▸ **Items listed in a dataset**
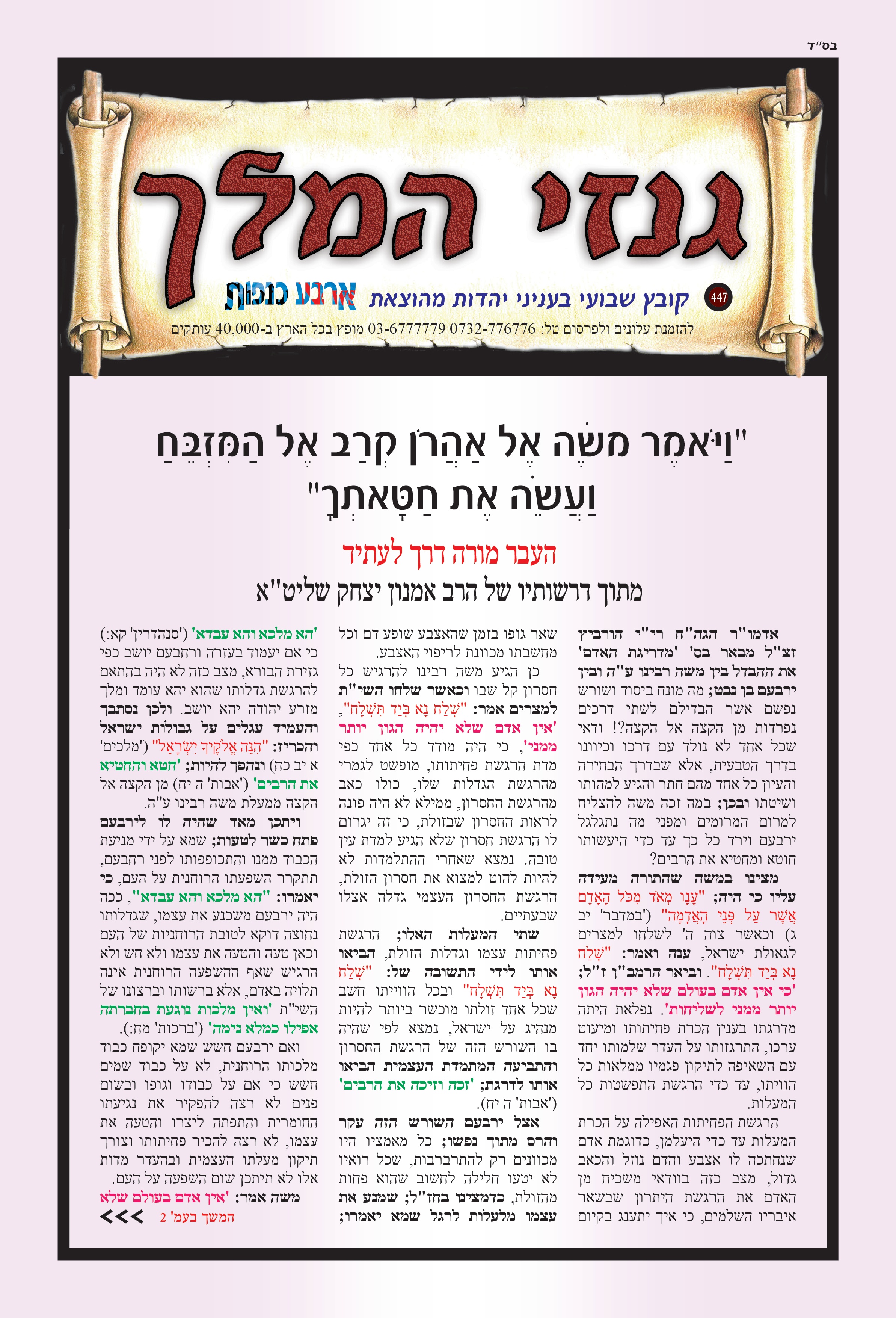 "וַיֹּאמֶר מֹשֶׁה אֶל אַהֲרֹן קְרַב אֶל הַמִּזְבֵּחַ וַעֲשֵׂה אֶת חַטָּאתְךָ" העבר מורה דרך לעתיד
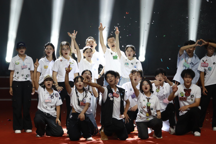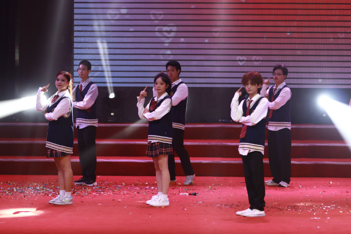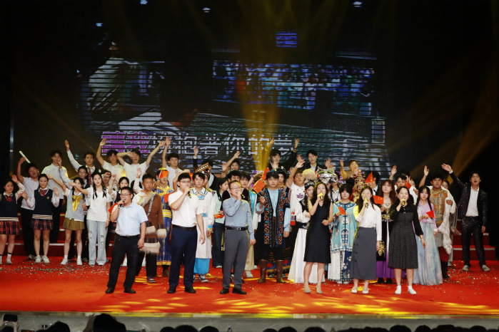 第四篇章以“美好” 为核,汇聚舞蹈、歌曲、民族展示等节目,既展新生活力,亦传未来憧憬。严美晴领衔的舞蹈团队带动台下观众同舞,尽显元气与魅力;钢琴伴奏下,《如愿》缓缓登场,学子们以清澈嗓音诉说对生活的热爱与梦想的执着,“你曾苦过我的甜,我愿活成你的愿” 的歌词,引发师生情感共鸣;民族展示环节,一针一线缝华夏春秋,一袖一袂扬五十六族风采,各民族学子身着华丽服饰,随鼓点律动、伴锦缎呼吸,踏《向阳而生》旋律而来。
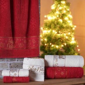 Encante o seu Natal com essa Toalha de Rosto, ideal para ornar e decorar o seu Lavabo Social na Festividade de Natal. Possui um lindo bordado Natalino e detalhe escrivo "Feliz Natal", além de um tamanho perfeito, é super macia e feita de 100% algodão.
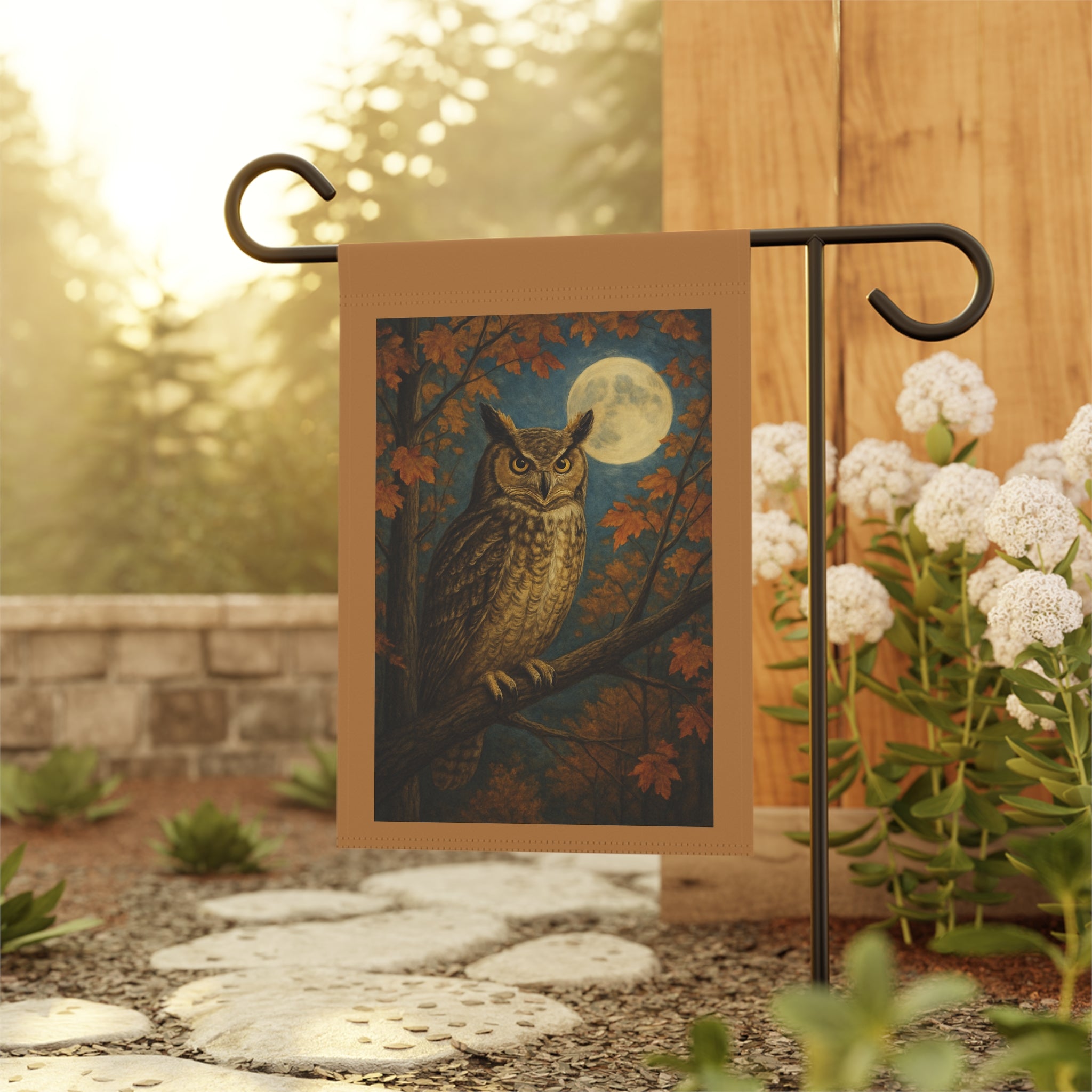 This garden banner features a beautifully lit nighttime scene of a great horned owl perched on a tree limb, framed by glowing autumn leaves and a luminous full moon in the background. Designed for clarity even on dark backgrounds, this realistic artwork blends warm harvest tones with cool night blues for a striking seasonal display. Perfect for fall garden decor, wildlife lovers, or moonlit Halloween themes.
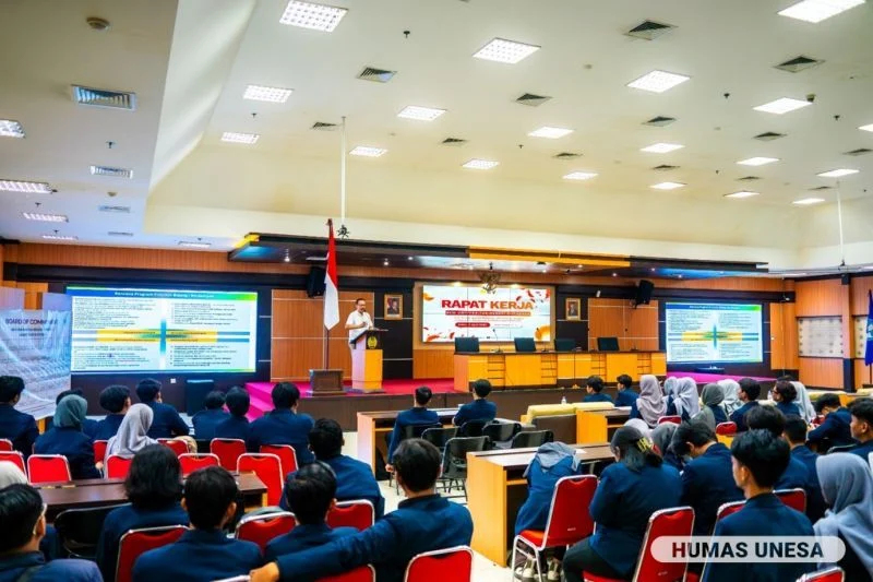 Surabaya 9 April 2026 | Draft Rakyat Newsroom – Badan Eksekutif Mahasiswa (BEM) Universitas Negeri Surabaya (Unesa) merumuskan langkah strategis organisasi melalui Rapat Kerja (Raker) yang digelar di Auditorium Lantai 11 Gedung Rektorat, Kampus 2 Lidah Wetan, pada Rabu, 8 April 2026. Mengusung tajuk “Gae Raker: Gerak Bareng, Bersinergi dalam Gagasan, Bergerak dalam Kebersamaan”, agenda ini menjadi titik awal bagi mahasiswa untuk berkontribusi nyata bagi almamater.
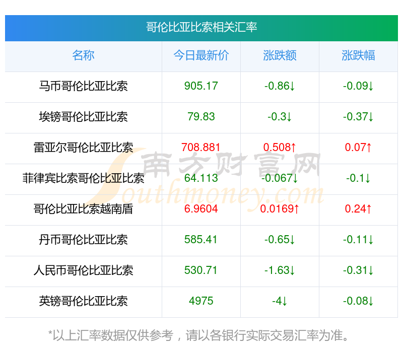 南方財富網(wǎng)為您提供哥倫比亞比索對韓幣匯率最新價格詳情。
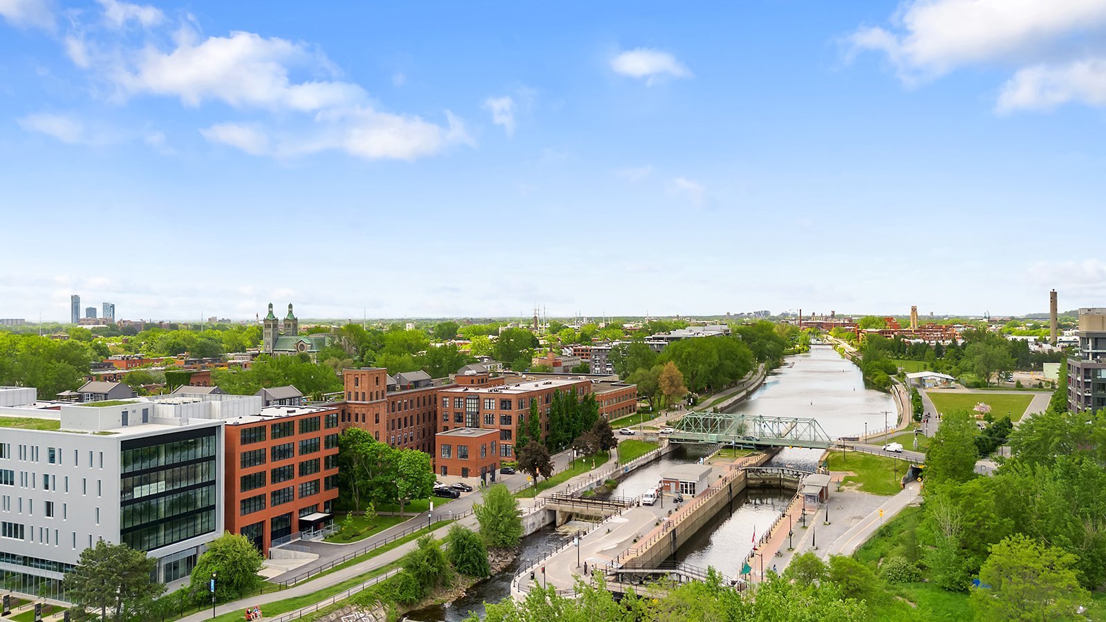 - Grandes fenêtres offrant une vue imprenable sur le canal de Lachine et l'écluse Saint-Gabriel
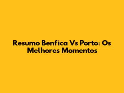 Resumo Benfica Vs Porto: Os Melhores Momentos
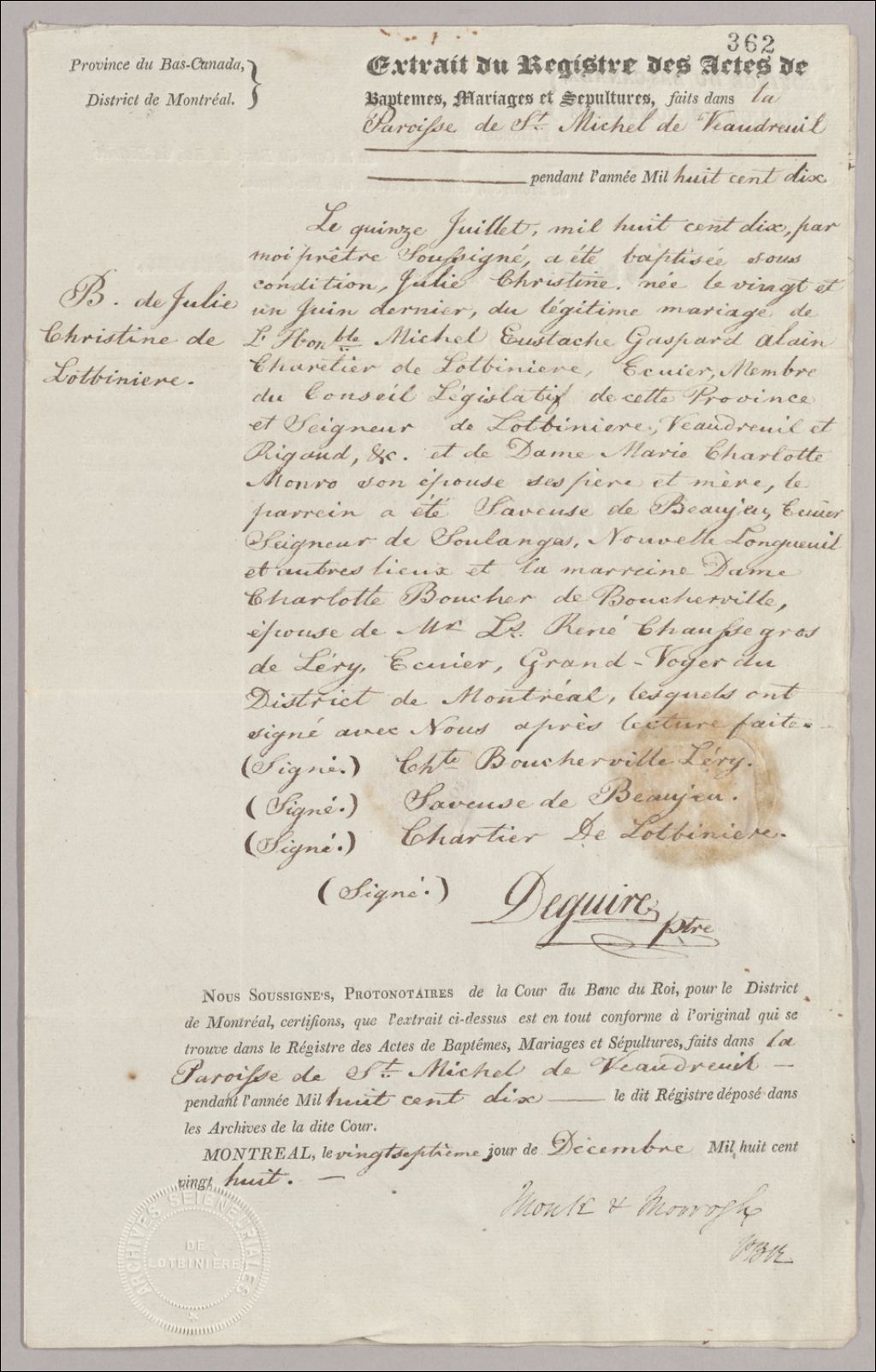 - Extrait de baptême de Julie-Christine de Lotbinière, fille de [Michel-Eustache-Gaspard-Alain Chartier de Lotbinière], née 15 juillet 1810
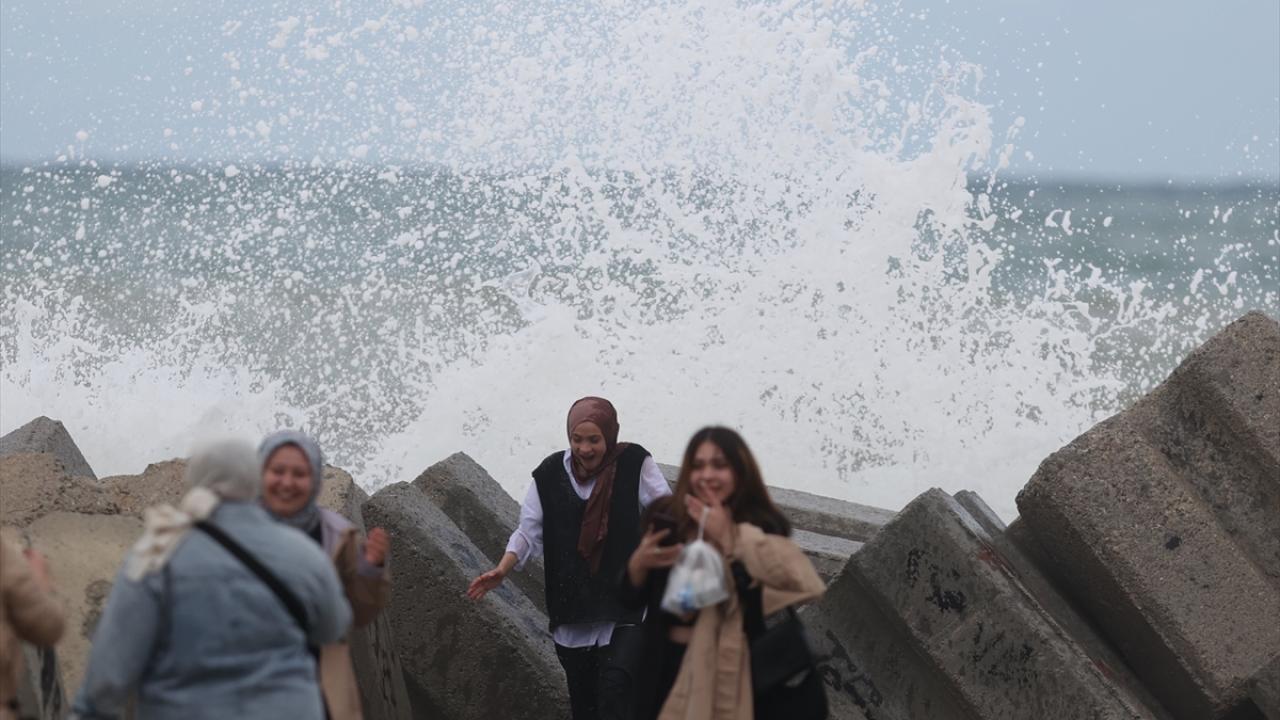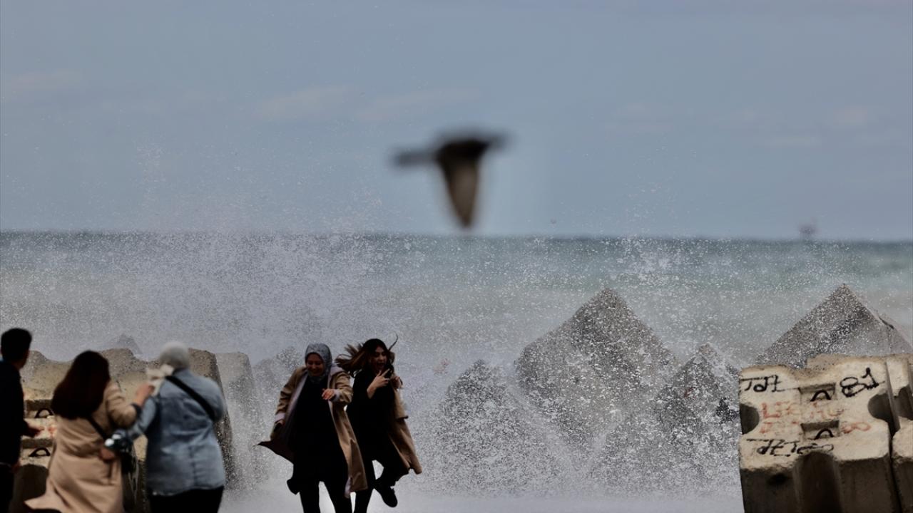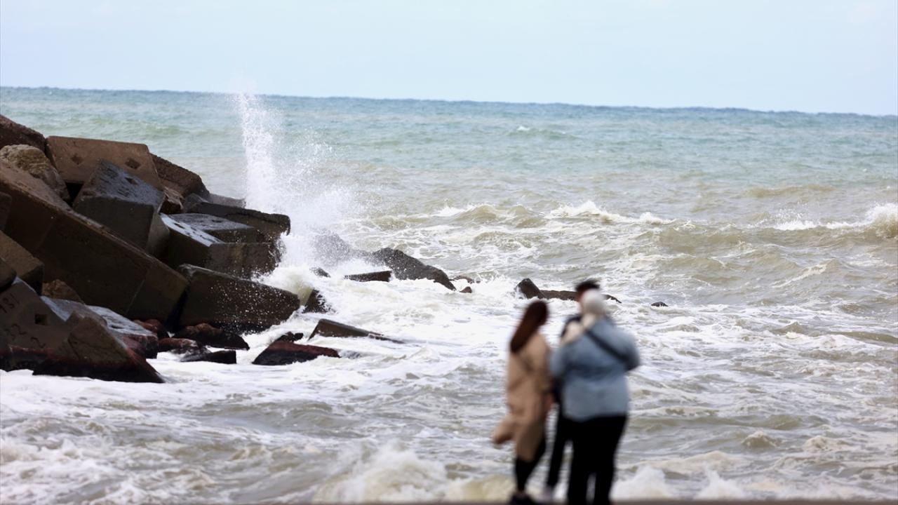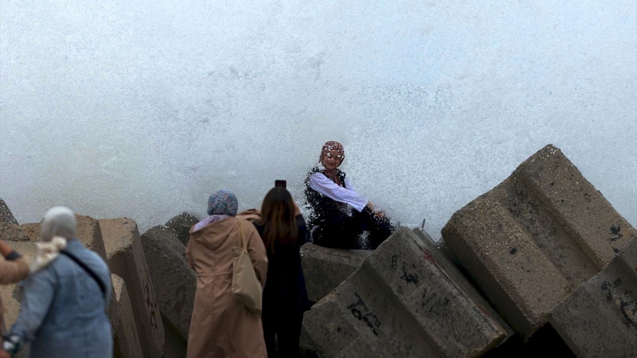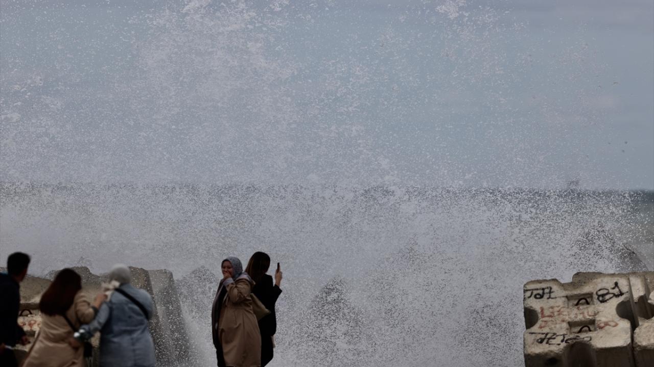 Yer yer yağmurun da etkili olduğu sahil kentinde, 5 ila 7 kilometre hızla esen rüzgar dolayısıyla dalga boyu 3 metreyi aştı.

▸ **WHAT THIS TASK INVOLVES**
With the pictures omitted, give every line above again exactly.

▸ **REPLY TO THE EXERCISE**
 "וַיֹּאמֶר מֹשֶׁה אֶל אַהֲרֹן קְרַב אֶל הַמִּזְבֵּחַ וַעֲשֵׂה אֶת חַטָּאתְךָ" העבר מורה דרך לעתיד
 第四篇章以“美好” 为核,汇聚舞蹈、歌曲、民族展示等节目,既展新生活力,亦传未来憧憬。严美晴领衔的舞蹈团队带动台下观众同舞,尽显元气与魅力;钢琴伴奏下,《如愿》缓缓登场,学子们以清澈嗓音诉说对生活的热爱与梦想的执着,“你曾苦过我的甜,我愿活成你的愿” 的歌词,引发师生情感共鸣;民族展示环节,一针一线缝华夏春秋,一袖一袂扬五十六族风采,各民族学子身着华丽服饰,随鼓点律动、伴锦缎呼吸,踏《向阳而生》旋律而来。
 Encante o seu Natal com essa Toalha de Rosto, ideal para ornar e decorar o seu Lavabo Social na Festividade de Natal. Possui um lindo bordado Natalino e detalhe escrivo "Feliz Natal", além de um tamanho perfeito, é super macia e feita de 100% algodão.
 This garden banner features a beautifully lit nighttime scene of a great horned owl perched on a tree limb, framed by glowing autumn leaves and a luminous full moon in the background. Designed for clarity even on dark backgrounds, this realistic artwork blends warm harvest tones with cool night blues for a striking seasonal display. Perfect for fall garden decor, wildlife lovers, or moonlit Halloween themes.
 Surabaya 9 April 2026 | Draft Rakyat Newsroom – Badan Eksekutif Mahasiswa (BEM) Universitas Negeri Surabaya (Unesa) merumuskan langkah strategis organisasi melalui Rapat Kerja (Raker) yang digelar di Auditorium Lantai 11 Gedung Rektorat, Kampus 2 Lidah Wetan, pada Rabu, 8 April 2026. Mengusung tajuk “Gae Raker: Gerak Bareng, Bersinergi dalam Gagasan, Bergerak dalam Kebersamaan”, agenda ini menjadi titik awal bagi mahasiswa untuk berkontribusi nyata bagi almamater.
 南方財富網(wǎng)為您提供哥倫比亞比索對韓幣匯率最新價格詳情。
 - Grandes fenêtres offrant une vue imprenable sur le canal de Lachine et l'écluse Saint-Gabriel
 Resumo Benfica Vs Porto: Os Melhores Momentos
 - Extrait de baptême de Julie-Christine de Lotbinière, fille de [Michel-Eustache-Gaspard-Alain Chartier de Lotbinière], née 15 juillet 1810
 Yer yer yağmurun da etkili olduğu sahil kentinde, 5 ila 7 kilometre hızla esen rüzgar dolayısıyla dalga boyu 3 metreyi aştı.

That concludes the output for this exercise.